● Your assignment: Could you print out every entry, character for character?

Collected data
=== Section Start ===

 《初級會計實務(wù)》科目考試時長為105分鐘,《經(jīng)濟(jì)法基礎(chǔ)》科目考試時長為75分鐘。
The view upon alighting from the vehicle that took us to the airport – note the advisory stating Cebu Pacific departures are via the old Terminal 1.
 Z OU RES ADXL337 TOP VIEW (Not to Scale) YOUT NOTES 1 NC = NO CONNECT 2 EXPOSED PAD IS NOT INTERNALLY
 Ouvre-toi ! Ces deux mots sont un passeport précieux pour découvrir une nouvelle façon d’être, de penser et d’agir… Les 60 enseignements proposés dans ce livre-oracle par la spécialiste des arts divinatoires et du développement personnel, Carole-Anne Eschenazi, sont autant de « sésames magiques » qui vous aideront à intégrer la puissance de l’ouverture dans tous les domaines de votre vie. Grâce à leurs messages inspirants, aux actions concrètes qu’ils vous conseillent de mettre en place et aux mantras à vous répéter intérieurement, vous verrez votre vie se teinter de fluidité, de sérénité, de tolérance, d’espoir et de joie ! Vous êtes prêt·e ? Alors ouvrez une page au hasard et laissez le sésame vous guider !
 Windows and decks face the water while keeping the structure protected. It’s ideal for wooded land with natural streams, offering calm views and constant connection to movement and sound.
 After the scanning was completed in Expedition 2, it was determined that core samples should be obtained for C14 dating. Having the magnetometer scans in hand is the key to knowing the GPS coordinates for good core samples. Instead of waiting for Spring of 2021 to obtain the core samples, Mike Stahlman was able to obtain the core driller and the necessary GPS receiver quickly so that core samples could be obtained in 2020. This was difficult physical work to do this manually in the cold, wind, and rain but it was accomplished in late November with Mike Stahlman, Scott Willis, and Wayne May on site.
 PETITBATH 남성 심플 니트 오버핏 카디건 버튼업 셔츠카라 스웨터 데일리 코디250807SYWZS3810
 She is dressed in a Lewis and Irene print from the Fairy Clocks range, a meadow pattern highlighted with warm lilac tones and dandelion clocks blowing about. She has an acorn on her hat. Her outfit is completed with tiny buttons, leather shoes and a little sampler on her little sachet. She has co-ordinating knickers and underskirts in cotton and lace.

=== Section End ===

● Answer area:
 《初級會計實務(wù)》科目考試時長為105分鐘,《經(jīng)濟(jì)法基礎(chǔ)》科目考試時長為75分鐘。
The view upon alighting from the vehicle that took us to the airport – note the advisory stating Cebu Pacific departures are via the old Terminal 1.
 Z OU RES ADXL337 TOP VIEW (Not to Scale) YOUT NOTES 1 NC = NO CONNECT 2 EXPOSED PAD IS NOT INTERNALLY
 Ouvre-toi ! Ces deux mots sont un passeport précieux pour découvrir une nouvelle façon d’être, de penser et d’agir… Les 60 enseignements proposés dans ce livre-oracle par la spécialiste des arts divinatoires et du développement personnel, Carole-Anne Eschenazi, sont autant de « sésames magiques » qui vous aideront à intégrer la puissance de l’ouverture dans tous les domaines de votre vie. Grâce à leurs messages inspirants, aux actions concrètes qu’ils vous conseillent de mettre en place et aux mantras à vous répéter intérieurement, vous verrez votre vie se teinter de fluidité, de sérénité, de tolérance, d’espoir et de joie ! Vous êtes prêt·e ? Alors ouvrez une page au hasard et laissez le sésame vous guider !
 Windows and decks face the water while keeping the structure protected. It’s ideal for wooded land with natural streams, offering calm views and constant connection to movement and sound.
 After the scanning was completed in Expedition 2, it was determined that core samples should be obtained for C14 dating. Having the magnetometer scans in hand is the key to knowing the GPS coordinates for good core samples. Instead of waiting for Spring of 2021 to obtain the core samples, Mike Stahlman was able to obtain the core driller and the necessary GPS receiver quickly so that core samples could be obtained in 2020. This was difficult physical work to do this manually in the cold, wind, and rain but it was accomplished in late November with Mike Stahlman, Scott Willis, and Wayne May on site.
 PETITBATH 남성 심플 니트 오버핏 카디건 버튼업 셔츠카라 스웨터 데일리 코디250807SYWZS3810
 She is dressed in a Lewis and Irene print from the Fairy Clocks range, a meadow pattern highlighted with warm lilac tones and dandelion clocks blowing about. She has an acorn on her hat. Her outfit is completed with tiny buttons, leather shoes and a little sampler on her little sachet. She has co-ordinating knickers and underskirts in cotton and lace.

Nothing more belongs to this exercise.